What was the solution? I offered to build an automated way to correct the patient address BEFORE the bill was printed and mailed, thereby greatly increasing deliverability, and then I sweetened the deal by offering a Returned Mail Buy-Back Guarantee. Yes, I told them I’d give a full refund for any piece of mail that was returned to them for any reason.

Later, as my company grew by leaps and bounds and was named an Inc. 5000 Company (one of the fastest growing privately owned US businesses), the Returned Mail Buy-Back Guarantee became less important. By that point, our reputation was solid (a result of an incredible culture that you must read about) and we no longer had to lean on the Guarantee as our market differentiator. In fact, if you’d ask a customer why they were with us, it is likely that none of them would even mention returned mail. Partially because we’d solved the problem for them already (you don’t need a new mouse trap if you don’t have mice!) and partially because there were many other reasons to choose us at that point.

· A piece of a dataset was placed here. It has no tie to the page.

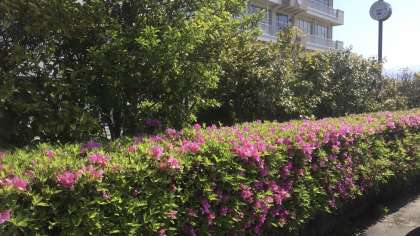 職員駐車場のツツジが見頃を迎えています。

You might be wondering if any of our competitors tried to copy our Guarantee, thereby making us not so unique. Yes, once or twice for very short periods of time. But because they weren’t also doing all the things we did behind the scenes to ensure the mail got to the right address, they were unsuccessful and quit just as abruptly as they started.

What’s the lesson here? To build something great, focus on problems that nobody else is paying attention to…and sometimes that is a seemingly small issue. While my competitors were spending millions and millions of dollars pursuing digital delivery of statements and ecommerce solutions, I devoted my attention to a nagging little problem that got my foot in the door. And once I won their confidence in getting rid of their little pesky problem, they started trusting me with bigger problems.

Start today with a small idea and “make it big”.